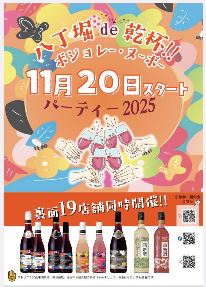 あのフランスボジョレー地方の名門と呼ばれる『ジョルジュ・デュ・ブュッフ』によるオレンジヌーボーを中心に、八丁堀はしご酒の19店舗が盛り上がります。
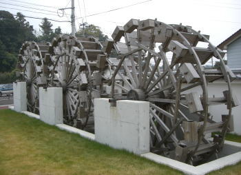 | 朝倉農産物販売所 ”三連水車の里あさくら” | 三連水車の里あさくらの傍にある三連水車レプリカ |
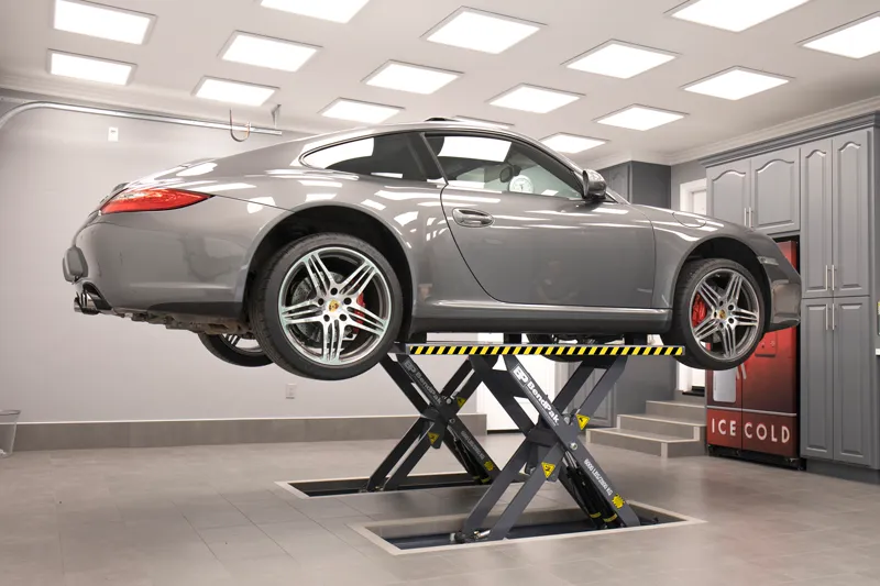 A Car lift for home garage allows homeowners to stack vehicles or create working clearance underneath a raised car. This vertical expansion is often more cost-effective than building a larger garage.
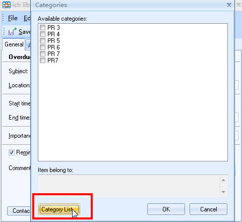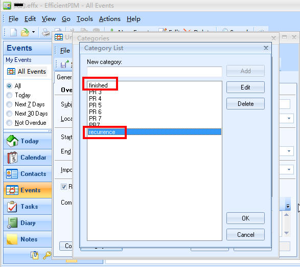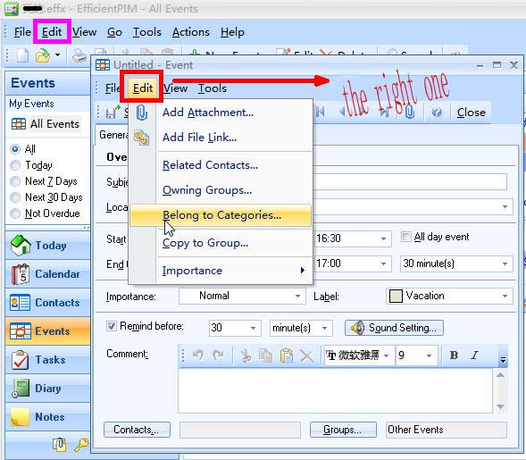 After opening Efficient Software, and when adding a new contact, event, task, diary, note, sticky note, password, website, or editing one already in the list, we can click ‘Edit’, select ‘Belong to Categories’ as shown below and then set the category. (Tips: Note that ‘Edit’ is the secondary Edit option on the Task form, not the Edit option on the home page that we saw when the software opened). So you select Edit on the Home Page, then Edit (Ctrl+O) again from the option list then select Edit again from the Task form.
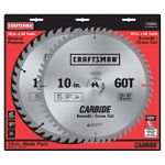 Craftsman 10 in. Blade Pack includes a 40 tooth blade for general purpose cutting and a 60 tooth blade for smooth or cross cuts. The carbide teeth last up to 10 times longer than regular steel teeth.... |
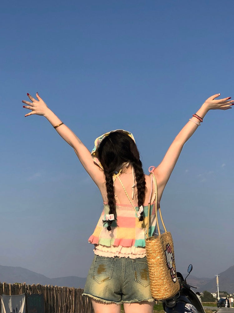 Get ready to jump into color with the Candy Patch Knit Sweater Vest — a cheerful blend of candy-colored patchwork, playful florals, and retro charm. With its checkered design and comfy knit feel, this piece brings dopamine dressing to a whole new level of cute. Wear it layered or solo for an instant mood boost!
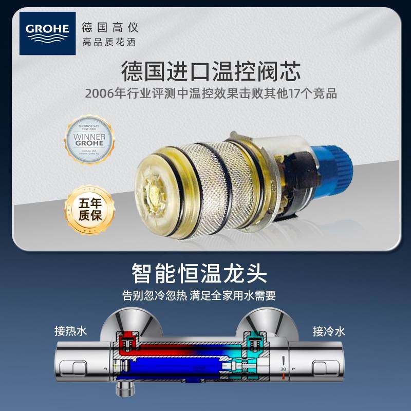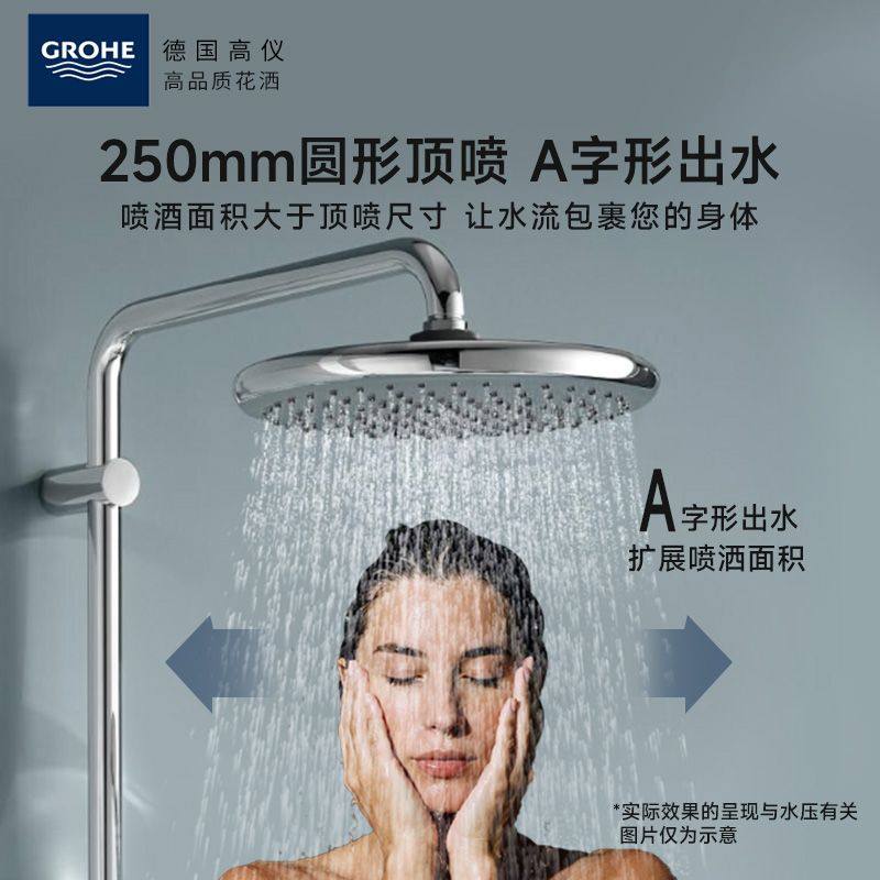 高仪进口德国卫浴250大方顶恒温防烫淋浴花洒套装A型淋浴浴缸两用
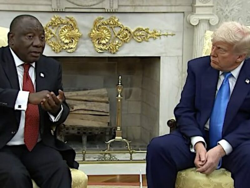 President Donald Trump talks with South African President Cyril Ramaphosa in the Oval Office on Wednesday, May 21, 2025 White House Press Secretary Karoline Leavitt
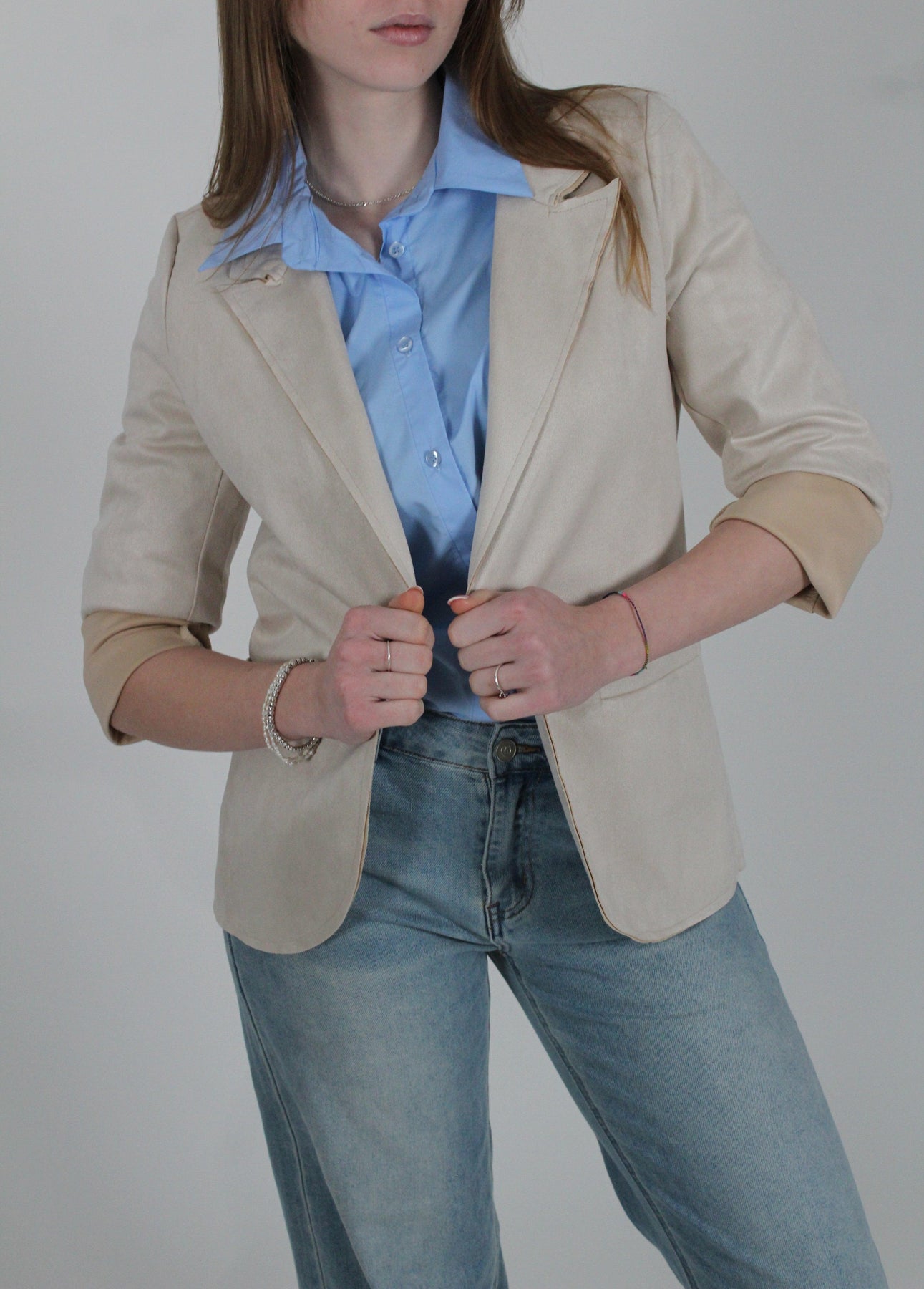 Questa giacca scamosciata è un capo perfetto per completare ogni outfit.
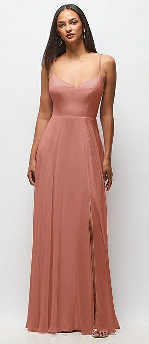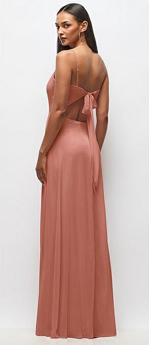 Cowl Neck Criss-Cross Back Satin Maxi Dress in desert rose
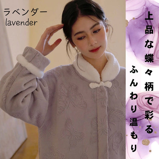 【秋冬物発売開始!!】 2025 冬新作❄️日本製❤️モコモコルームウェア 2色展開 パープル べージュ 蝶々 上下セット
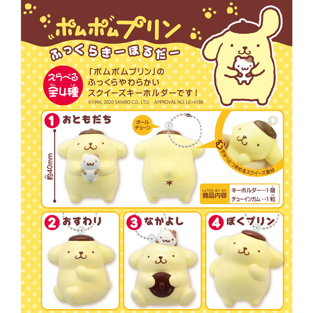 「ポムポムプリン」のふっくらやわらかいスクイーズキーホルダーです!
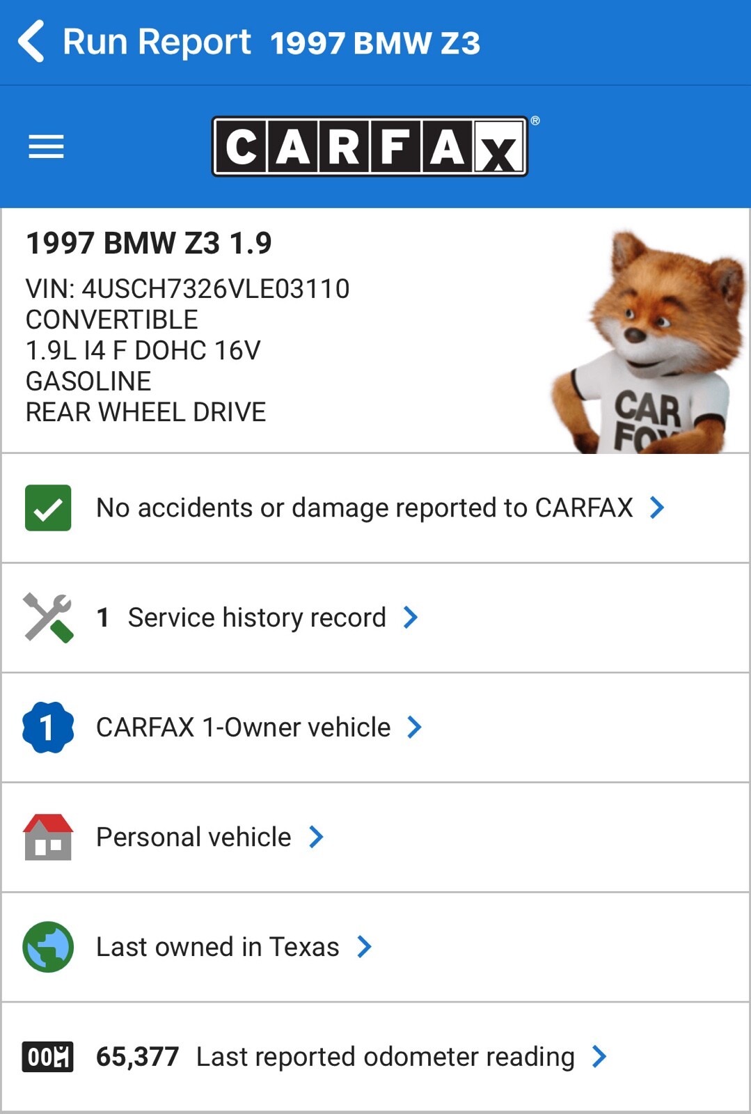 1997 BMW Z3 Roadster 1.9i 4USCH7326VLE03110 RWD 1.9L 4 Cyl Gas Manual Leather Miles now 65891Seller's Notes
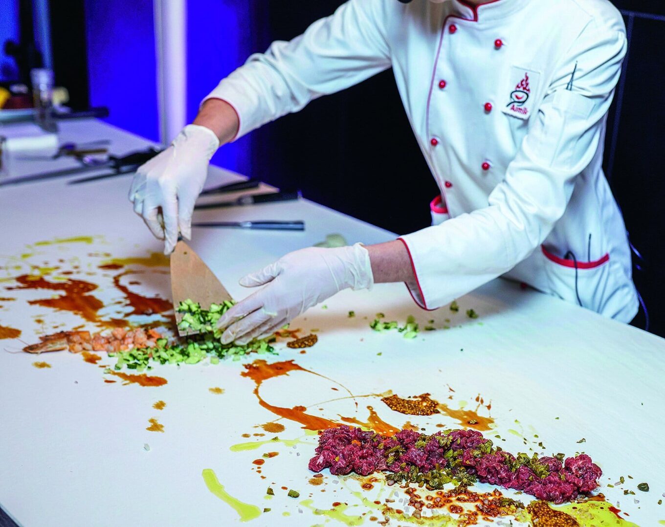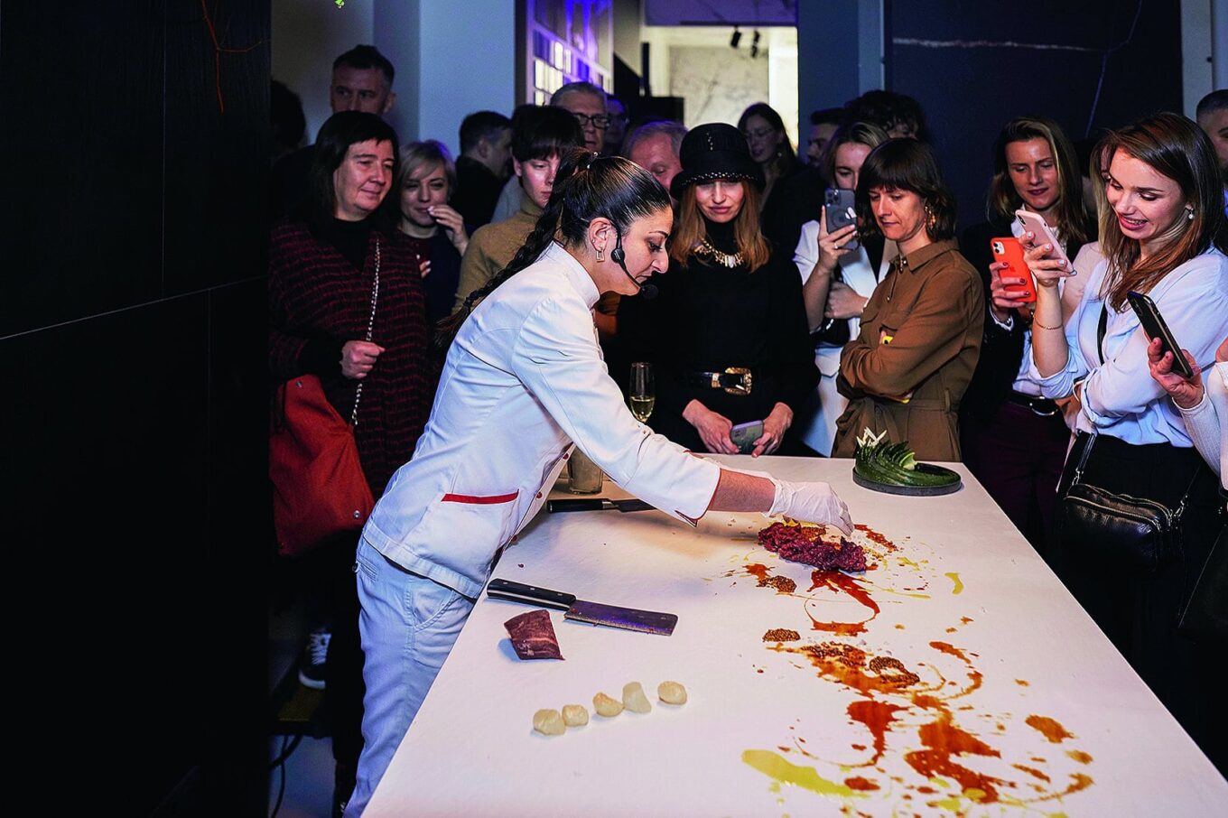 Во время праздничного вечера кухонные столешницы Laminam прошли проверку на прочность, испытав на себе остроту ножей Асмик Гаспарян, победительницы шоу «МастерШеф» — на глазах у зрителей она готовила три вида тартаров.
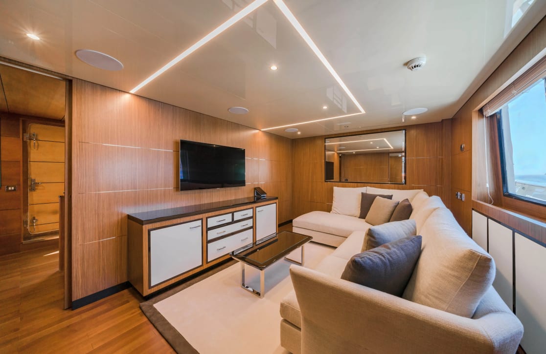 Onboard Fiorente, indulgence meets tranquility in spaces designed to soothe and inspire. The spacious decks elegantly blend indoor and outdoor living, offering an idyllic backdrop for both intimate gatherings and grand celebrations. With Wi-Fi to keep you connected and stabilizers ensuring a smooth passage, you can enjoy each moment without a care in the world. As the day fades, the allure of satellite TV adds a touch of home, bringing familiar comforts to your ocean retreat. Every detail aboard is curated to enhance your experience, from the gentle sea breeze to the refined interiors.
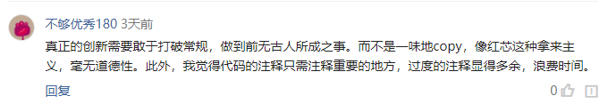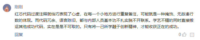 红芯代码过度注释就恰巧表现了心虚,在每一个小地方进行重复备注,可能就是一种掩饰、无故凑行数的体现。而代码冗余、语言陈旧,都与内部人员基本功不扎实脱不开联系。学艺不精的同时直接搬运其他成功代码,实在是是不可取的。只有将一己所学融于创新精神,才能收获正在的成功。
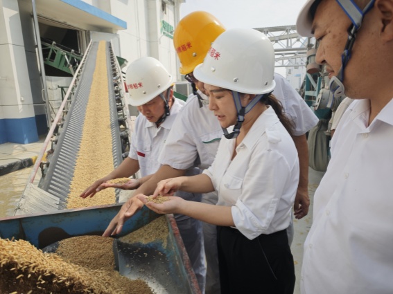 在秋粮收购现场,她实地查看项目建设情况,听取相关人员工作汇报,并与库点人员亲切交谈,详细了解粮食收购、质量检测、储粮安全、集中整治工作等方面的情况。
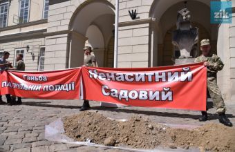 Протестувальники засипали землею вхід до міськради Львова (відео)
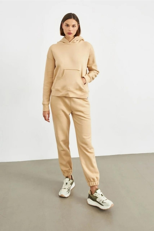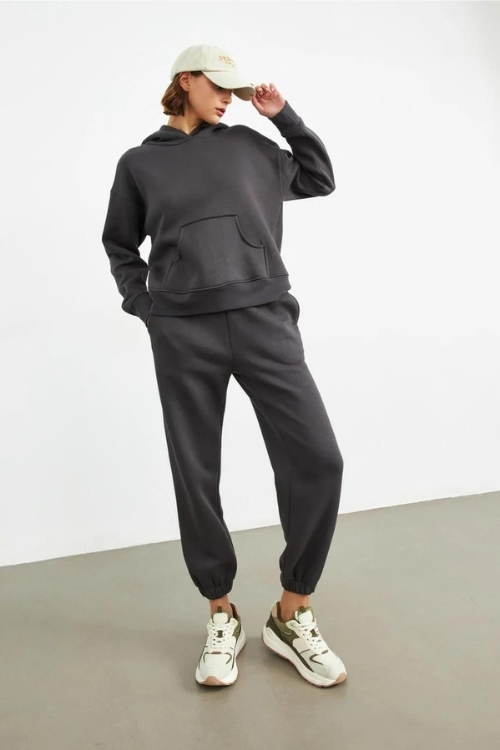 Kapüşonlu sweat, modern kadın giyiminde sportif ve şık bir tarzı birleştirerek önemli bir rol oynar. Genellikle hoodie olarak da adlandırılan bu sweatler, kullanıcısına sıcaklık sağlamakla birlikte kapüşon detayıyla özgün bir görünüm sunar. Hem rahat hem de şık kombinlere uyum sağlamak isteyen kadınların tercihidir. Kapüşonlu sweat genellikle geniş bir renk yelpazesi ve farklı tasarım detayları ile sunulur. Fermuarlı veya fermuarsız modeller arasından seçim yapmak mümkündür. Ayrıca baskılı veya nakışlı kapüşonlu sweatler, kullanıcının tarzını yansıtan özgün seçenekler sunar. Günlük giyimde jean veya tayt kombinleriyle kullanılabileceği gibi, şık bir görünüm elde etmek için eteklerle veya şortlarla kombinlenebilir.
* * * * *
◆ Exercise prompt
The lines wanted run from the one with "红芯代码过度注释就恰巧表现了" through the final line of the data; repeat them word for word and skip every picture.

◆ Response area
 红芯代码过度注释就恰巧表现了心虚,在每一个小地方进行重复备注,可能就是一种掩饰、无故凑行数的体现。而代码冗余、语言陈旧,都与内部人员基本功不扎实脱不开联系。学艺不精的同时直接搬运其他成功代码,实在是是不可取的。只有将一己所学融于创新精神,才能收获正在的成功。
 在秋粮收购现场,她实地查看项目建设情况,听取相关人员工作汇报,并与库点人员亲切交谈,详细了解粮食收购、质量检测、储粮安全、集中整治工作等方面的情况。
 Протестувальники засипали землею вхід до міськради Львова (відео)
 Kapüşonlu sweat, modern kadın giyiminde sportif ve şık bir tarzı birleştirerek önemli bir rol oynar. Genellikle hoodie olarak da adlandırılan bu sweatler, kullanıcısına sıcaklık sağlamakla birlikte kapüşon detayıyla özgün bir görünüm sunar. Hem rahat hem de şık kombinlere uyum sağlamak isteyen kadınların tercihidir. Kapüşonlu sweat genellikle geniş bir renk yelpazesi ve farklı tasarım detayları ile sunulur. Fermuarlı veya fermuarsız modeller arasından seçim yapmak mümkündür. Ayrıca baskılı veya nakışlı kapüşonlu sweatler, kullanıcının tarzını yansıtan özgün seçenekler sunar. Günlük giyimde jean veya tayt kombinleriyle kullanılabileceği gibi, şık bir görünüm elde etmek için eteklerle veya şortlarla kombinlenebilir.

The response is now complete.